0
votes

The error is

'System.Replicator' reported Warning for property 'RemoteReplicatorConnectionStatus'.
Replica 132295460844367404 cannot be reached to start the copy process. Error Code: CannotConnect, Target listen address: localhost:62352/5298ce62-a8b6-4c10-944c-ce861fb5abd9-132295460844367404;70bcec58-3f57-4a23-b787-7353d53e631d:fdd277399fb82af80e7f8a0f097d244d. Verify that ReplicatorAddress config is valid.

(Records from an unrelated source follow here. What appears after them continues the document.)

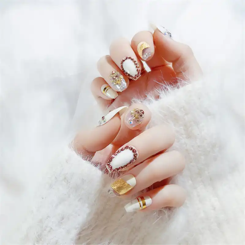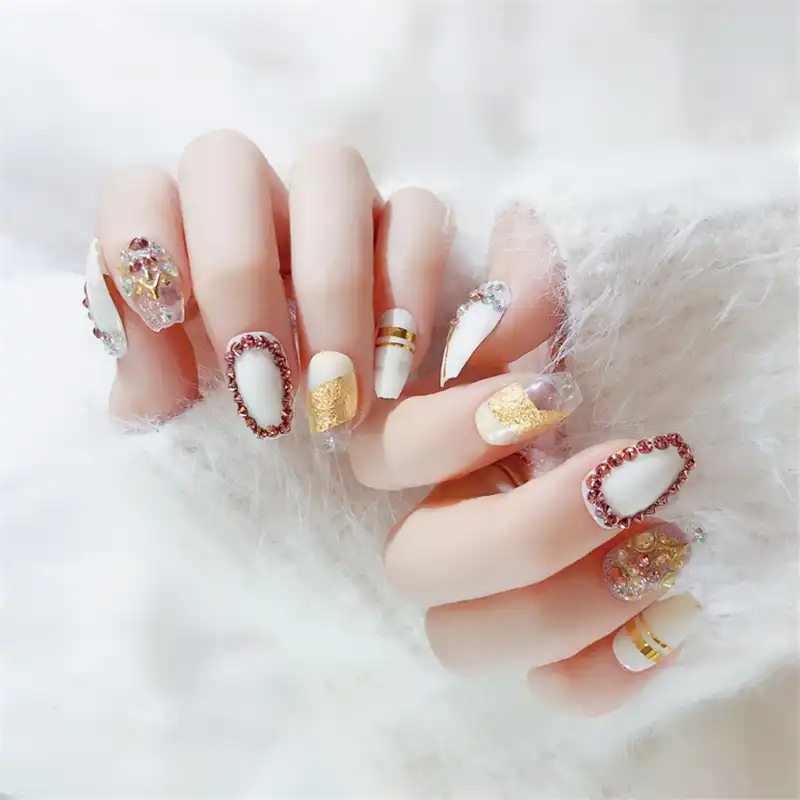 3d Fake Nails Marble French Acrylic Nails Glittering Diamond False
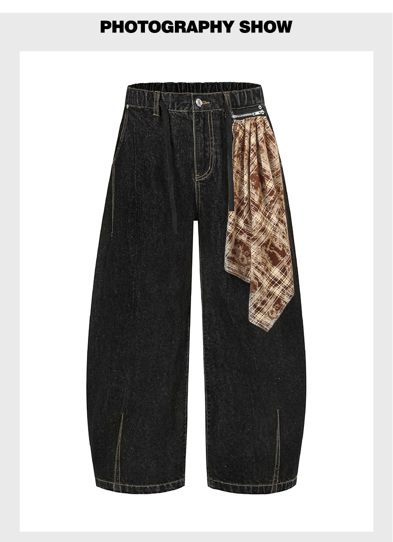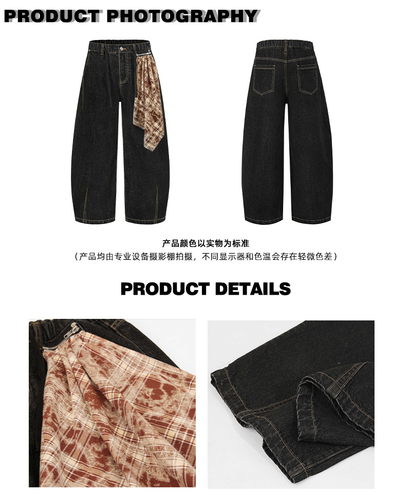 Baggyアメリカのレトロな曲がり角ナイフのデザインのジーパンの男女の潮のブランドの広い足のゆったりしているcleanfitズボンの夏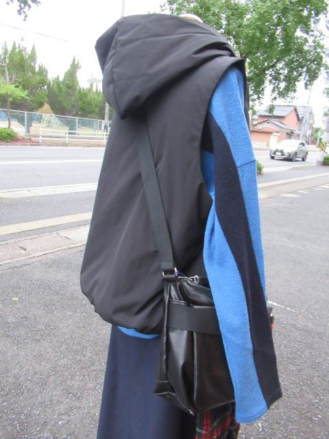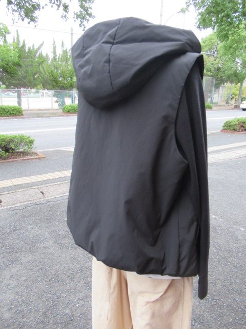 こちらは ブラックの中綿入りのフード付きベスト。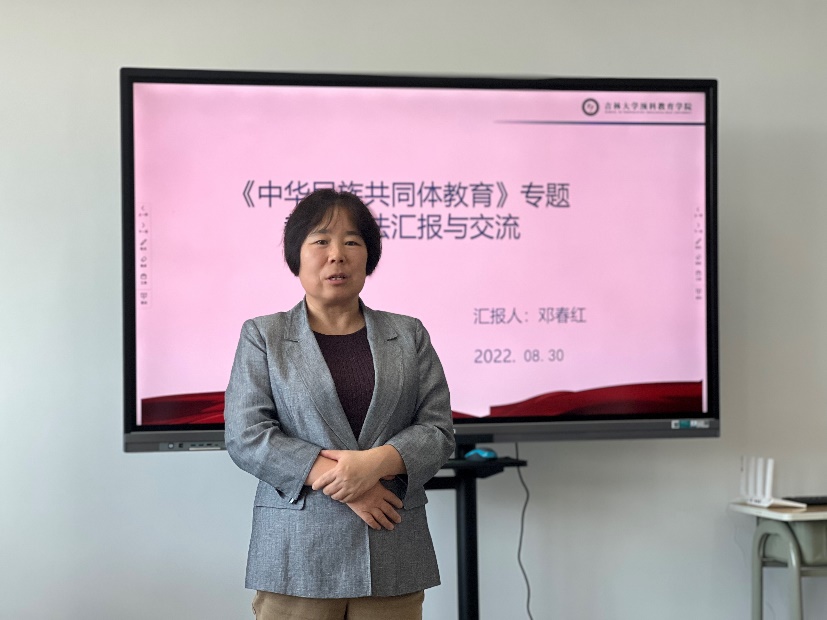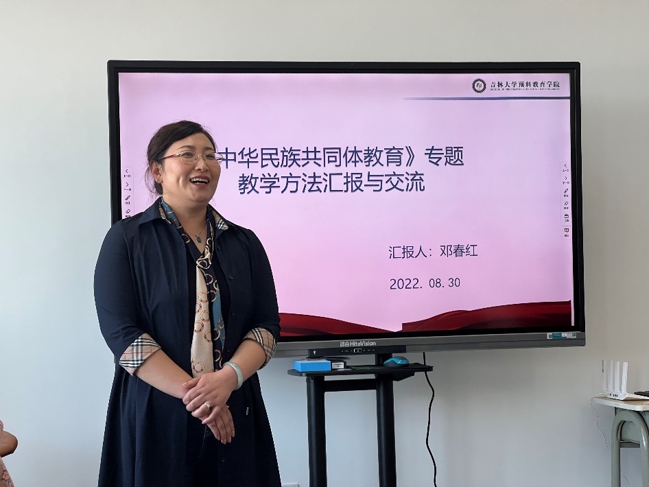邓春红老师本次分享的主题是《中华民族共同体教育》专题的教学方法。她介绍了根据课程内容和预科学生特点所采用的自主学习教学法、情境式教学法、案例教学法、实践活动教学法、探究式教学法,展示了教学效果和学生反馈,并谈了自己在教学实践中的体会和感悟。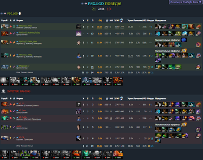PSG.LGD в первом матче плей-офф обыграли кризисных Invictus Gaming со счетом 2:0. Еще пару месяцев назад такой результат можно было бы назвать отличным, но сейчас IG привыкли к поражениям с таким счетом. Матч выдался скучным и односторонним. Отмечу только отсутствие убийств у NothingToSay на второй карте, где он отыграл на Ember Spirit.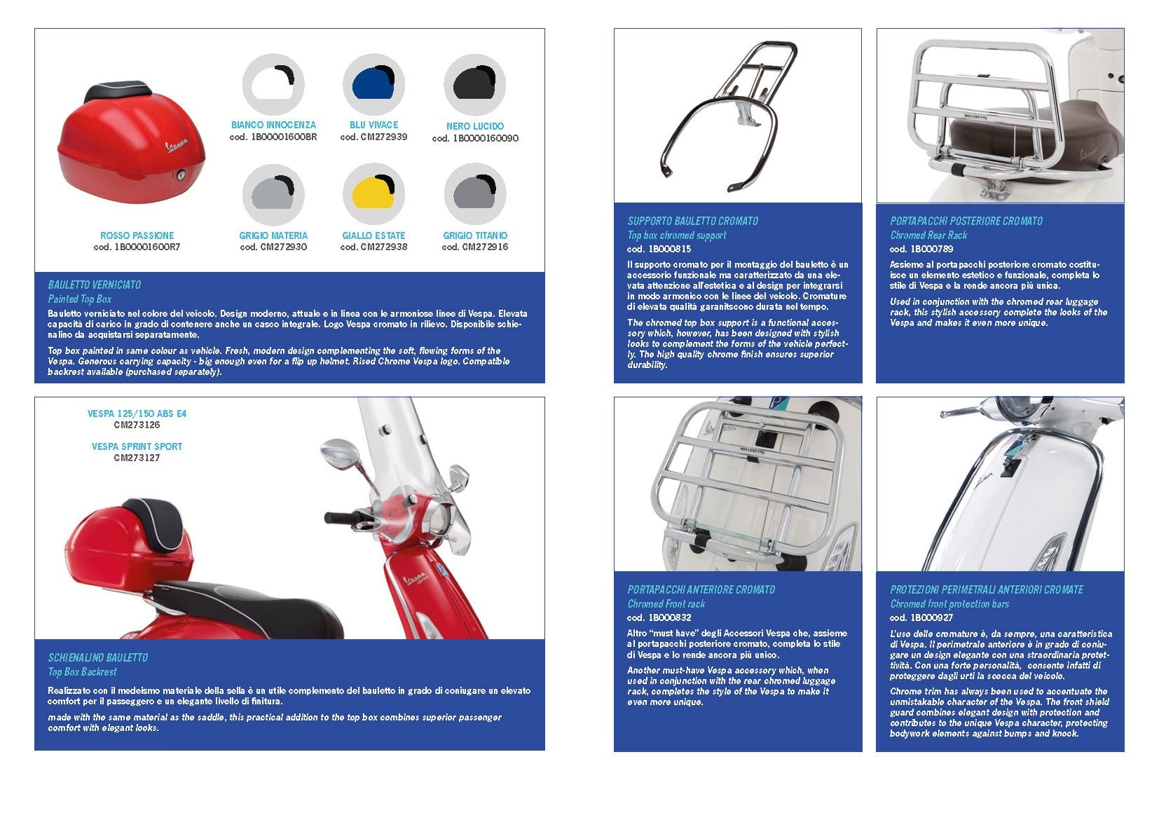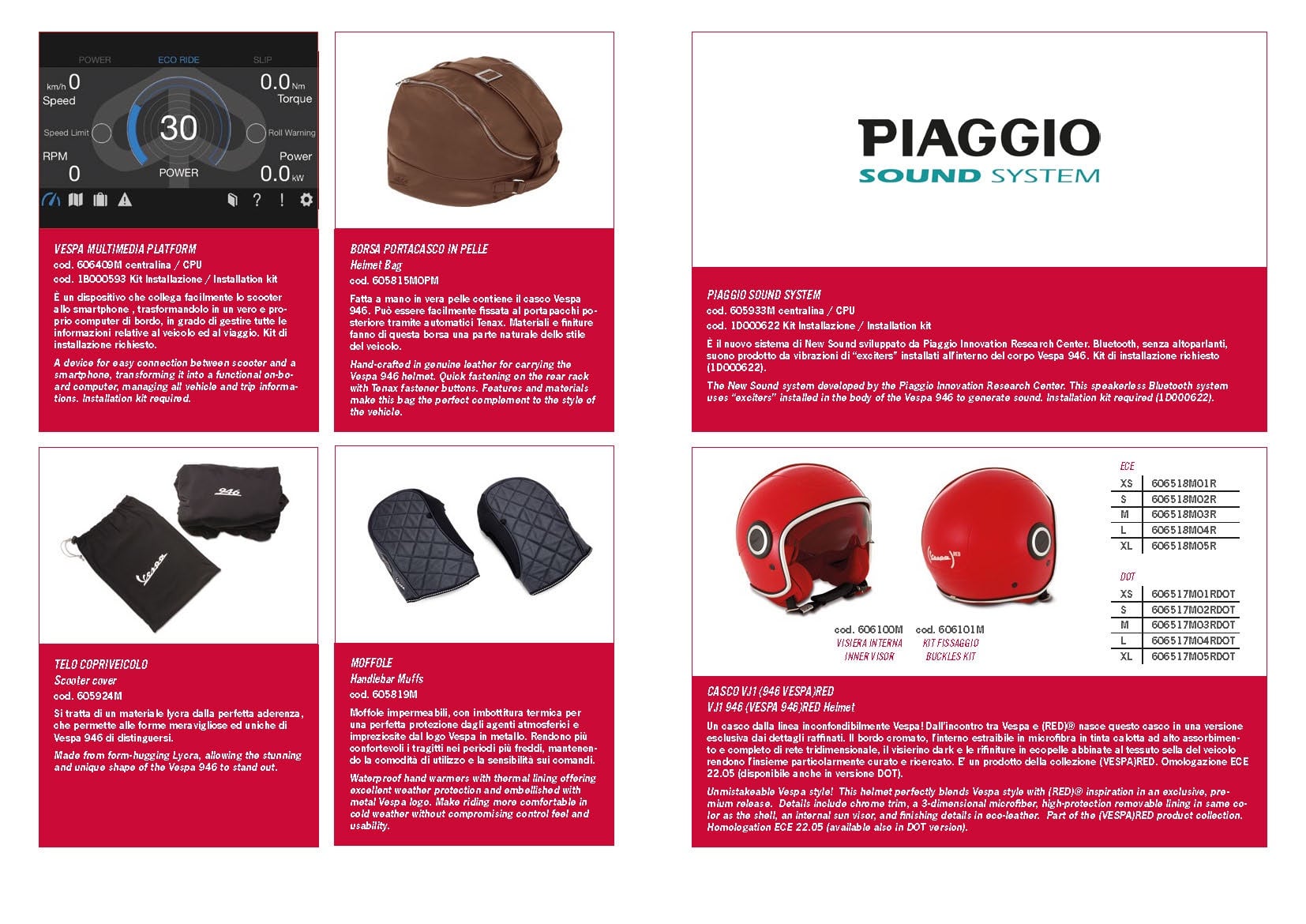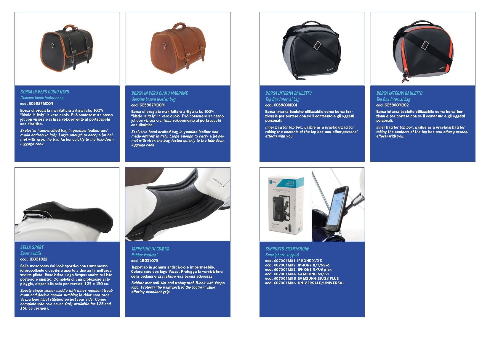Luglio 2019 – Un mondo di design, stile, colore: il nuovo catalogo Vespa Accessori 2019-2020 è una scoperta continua. Un mondo di idee per personalizzare la propria Vespa ed anche il proprio look, per distinguersi e per dichiarare la propria scelta: Vespa! Qualità, originalità e cura dei dettagli sono garantiti. In queste immagini, sfogliamo insieme il nuovo, sorprendente catalogo Vespa accessori che offre tante novità, tutte da scoprire.

There are 3 replicas, and 2 of them are stuck InBuild. The error reports as coming from the Primary replica, and the replicaId it complains about is of one of the secondary replicas that is stuck InBuild.

Everything I find on this error is related to standalone clusters, but my cluster is Azure generated. What are some causes of this error? It only happens for my stateful service when I deploy multiple replicas.

In the Primary replica events it shows the following error for each of the other 2 replicas

 "Description": "The api IReplicator.BuildReplica(132295460844367404) on node _default_4 is stuck. Start Time (UTC): 2020-03-24 17:55:24.215.",

If I set replica count to 1 the error doesn't appear, until I try to upgrade the application at which point it created a idle replica to swap and gets stuck on this error at that point causing the upgrade to hang indefinitely.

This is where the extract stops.